Reputation: 33
I'm trying to get started with pyOpenCL and GPGPU in general.
For the below dot product code I'm getting fairly different results between the GPU and CPU versions. What am I doing wrong?
The difference of ~0.5% seems large for floating point errors to account for the difference. The difference does seem to increase with array size (~9e-8 relative difference with array size of 10000). Maybe it's an issue with combining results across blocks...? Either way, color me disconcerted.
I don't know if it matters: I'm running this on a MacBook Air, Intel(R) Core(TM) i7-4650U CPU @ 1.70GHz, with Intel HD Graphics 5000.
Thanks in advance.
import pyopencl as cl
import numpy
from pyopencl.reduction import ReductionKernel
import pyopencl.clrandom as cl_rand
ctx = cl.create_some_context()
queue = cl.CommandQueue(ctx)
dot = ReductionKernel( ctx, \
dtype_out = numpy.float32, \
neutral = "0", \
map_expr = "x[i]*y[i]", \
reduce_expr = "a+b", \
arguments = "__global const float *x, __global const float *y"
)
x = cl_rand.rand(queue, 100000000, dtype = numpy.float32)
y = cl_rand.rand(queue, 100000000, dtype = numpy.float32)
x_dot_y = dot(x,y).get() # GPU: array(25001304.0, dtype=float32)
x_dot_y_cpu = numpy.dot(x.get(), y.get()) # CPU: 24875690.0
print abs(x_dot_y_cpu - x_dot_y)/x_dot_y # 0.0050496689740063489
Upvotes: 3
Views: 966
Reputation: 9925
The order in which values are reduced will likely be very different between these two methods. Across large data sets, the tiny errors in floating point rounding can soon add up. There could also be other details about the underlying implementations that affect the precision of the result.

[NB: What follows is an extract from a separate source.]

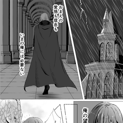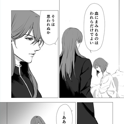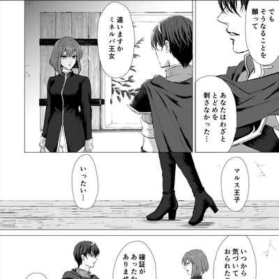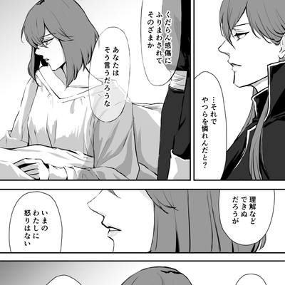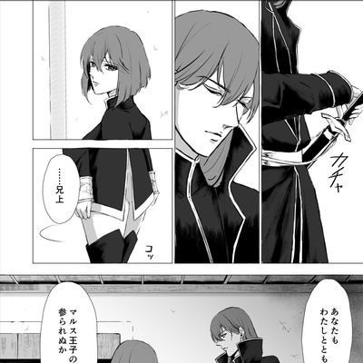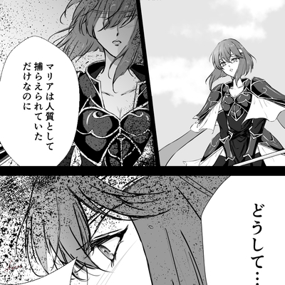 『罪と罰』は、第二部九章のミシェイルとミネルバの会話+αのつもりで書きました。と言いますのも、ゲーム本編の会話は設定説明的な要素が強くて、あの二人があの場面で今更交わすべき会話ではないな、と以前から感じていたからです。例えばグルニアと組んでドルーアを滅ぼす云々は暗黒戦争が始まる前(もしくはドルーアとの同盟の前)にミネルバとは共有していた話でしょうし、父王暗殺の真相も第一部でミネルバがミシェイルを裏切る前には交わされていていいような内容だと思っています。 このシーンが二人の今生の別れになるわけですが、この時点で彼らが交わす話はやはりミシェイルがこれからどうするつもりなのかということがメインだったのではないかなと思い、このような漫画を描くに至りました。

I've run your example code on my own machine and get a similar sort of difference in the final result (~0.5%). As a data point, you can implement a very simple dot product in raw Python and see how much that differs from both the OpenCL result and from Numpy.
For example, you could add something simple like this to your example:
x_dot_y_naive = sum(a*b for a,b in zip(x.get(), y.get()))
Here's the results I get on my machine:
OPENCL: 25003466.000000
NUMPY: 24878146.000000 (0.5012%)
NAIVE: 25003465.601387 (0.0000%)
As you can see, the naive implementation is closer to the OpenCL version than Numpy is. One explanation for this could be that Numpy's dot
function probably makes use of fused multiply-add (FMA) operations, which will change how intermediate results are rounded. Without any compiler options to tell it otherwise, OpenCL should be fully complying to the IEE-754 standard, rather than using the faster FMA operations.
Upvotes: 2